Sometimes this is taken to extremes and the struggles of
industrial workers 'at the point of production'  are privileged over
all other struggles.  This perspective -- despite the ostensive
claim that the goal is working-class unity -- can lead to increasing
divisions among the working-class.   Sometimes racial minorities,
women, and others are simply told (patronizingly) that they must
be patient,  put their demands on hold, and build unity ... with
the promise and expectation that ... eventually (after the
revolution?) ... those demands can be raised again "when the
time is right."    Bad practice.  Bad. Bad.
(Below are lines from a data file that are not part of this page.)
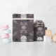 Elegant gothic Wrapping paper featuring bats, floral sugar skills, and blooming roses on a deep plum background. Perfect for spooky-chic gifts with a touch of dark romance!
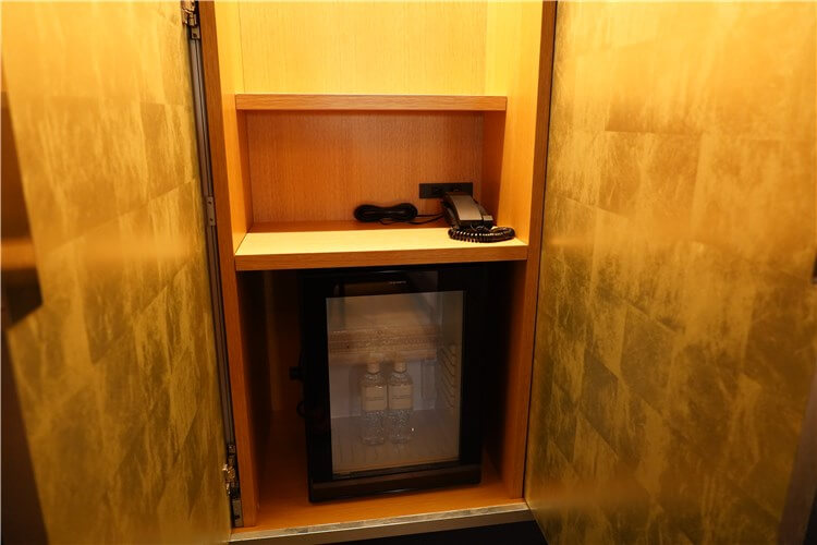 中央には大きなチェストがあり、こちらの扉を開くと電話があり、その下には冷蔵庫があります。
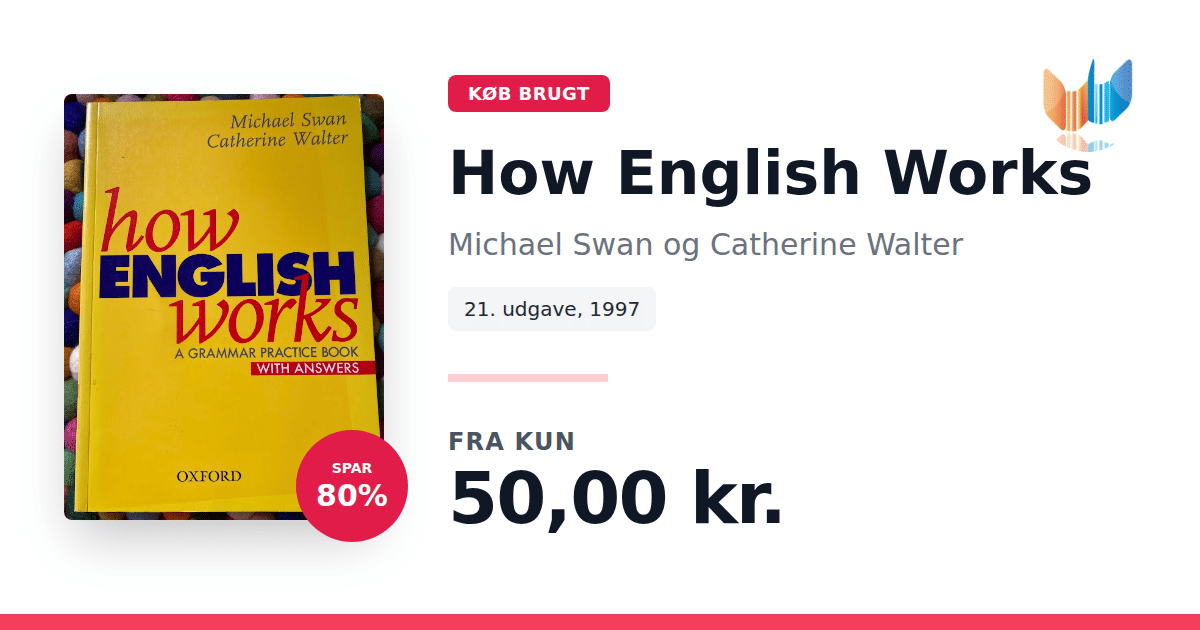 Lige nu kan du købe "How English Works" af Michael Swan og Catherine Walter til kun 50,00 kr. Du sparer hele 80% af nyprisen! Bogen du ser her er brugt, og i god stand. Vi har i øjeblikket kun et enkelt eksemplar til salg af "How English Works", så slå til mens du kan!

Bad.  It is bad because
it fails to grasp the process of building solidarity and unity as a
complex  process. (I could go on, but this post is already getting
excessively long _and_ these are complex matters that can't be
adequately expressed in even lengthy missives.)

--  In the late 1970's and early 1980's, many groups on the left
had a simplified perspective which went something like the following:

a) capital is entering a period of economic crisis;

b) capital will be forced to attack the working class and unions
    more directly and sharply (i.e. the period of 'labor-
    management cooperation' has ended).

c) as a consequence of  b), capital will demand from unions
    concessions and givebacks.

(so far, not so bad, but ...)

d)  industrial unions will be most severely attacked;

e) in the class confrontations that follow, a period of
working-class radicalization will develop.
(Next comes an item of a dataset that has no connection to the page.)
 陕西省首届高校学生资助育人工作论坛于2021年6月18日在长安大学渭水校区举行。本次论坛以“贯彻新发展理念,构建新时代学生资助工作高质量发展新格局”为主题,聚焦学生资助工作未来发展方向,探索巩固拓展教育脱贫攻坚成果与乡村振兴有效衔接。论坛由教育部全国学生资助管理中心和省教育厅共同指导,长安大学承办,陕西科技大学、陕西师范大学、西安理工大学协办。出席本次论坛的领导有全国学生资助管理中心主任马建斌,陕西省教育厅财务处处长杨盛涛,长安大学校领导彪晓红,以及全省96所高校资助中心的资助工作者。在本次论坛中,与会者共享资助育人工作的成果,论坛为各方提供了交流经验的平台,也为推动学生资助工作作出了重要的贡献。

Some groups, on the basis of the above reasoning,
encouraged their membership to quit their jobs or to
drop out of school and get jobs in factories.  That would
be where those great class confrontations would happen,
after all.

It seems comical in retrospect (and indeed many thought
it was comical at the time).   In going from a-c to
d-e, they were applying some rather simplistic mechanistic
understandings of struggle such as believing that the workers
and unions who will be most under attack, will fight back and
become radicalized.    This was mechanistic in the extreme
since it forgot what should be rather obvious: namely, that
when attacked a group can fight back *or not*.
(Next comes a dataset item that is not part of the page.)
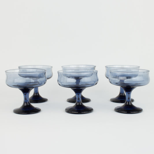 Mid-Century Modern Blue Champage Coupe Glasses - Set of 6
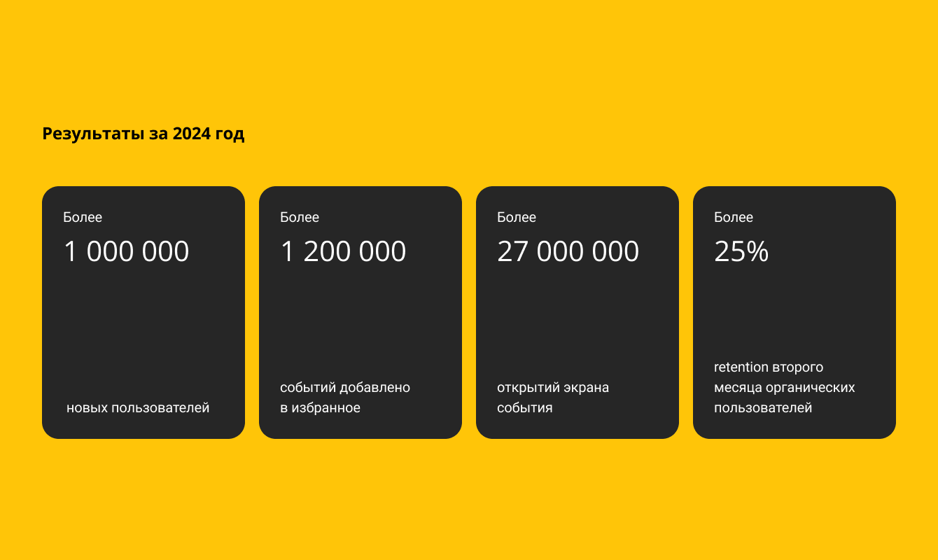 С самого первого релиза мы проводили исследования и анализ конкурентов и предлагали заказчику идеи для развития приложения. Основной задачей 2024 года стала работа над улучшением пользовательского опыта. Мы сфокусировались на производительности и удобстве, чтобы каждый клиент Kassir смог легко и быстро купить билет на интересное ему событие.

Also simplistic and erroneous is the implicit belief that movements
*as a result of defeats* are propelled forward.  Yet, those of
us who are politically active know from experience that
movements typically build upon success rather than defeat.
This has implications for grasping *when*  there are
radicalizations; it has huge implications for praxis. E.g.
rather than working-class struggles being entirely "defensive"
in nature brought about as a consequence of attack by
capital and the state, there can be "offensive" struggles as well
that express the desires and wants and re-formulated needs
of the working-class.  These struggles can intensify even
in periods when capital expands; struggles can emerge and
intensify in periods when there is not economic crisis.

I apologize again for the length of this post.

In solidarity, Jerry

PS: I'm not really keen on the idea of "deferring."  Authoritarian
structures, even on the Left, often send the message that members
should "defer" to the judgement of "the leadership" since they,
after all, supposedly have the most information and know what's
best for us.  Kind of creeps me out.


>  We defer to those structures
> in order to get our practice right.  So that's the critical thing.  The
> theoretical categories we develop in, for example, natural science reflect
> our effort to defer to nature.
> 2.    But does it apply to social life.  The question is whether this kind
> of approach can be extended to social life.  As your example illustrates,
> social structures, even if they are materially embedded, and class
> certainly  is, nonetheless are in some important sense mind dependent.
> So in what sense is deferring to them in fashioning our theories
> possible, meaningful,  or even appropriate?  Someone might argue:  if the
> structures themselves  depend on what we think of them, how does it
> make any sense to talk of  deferring to them to get our practice right?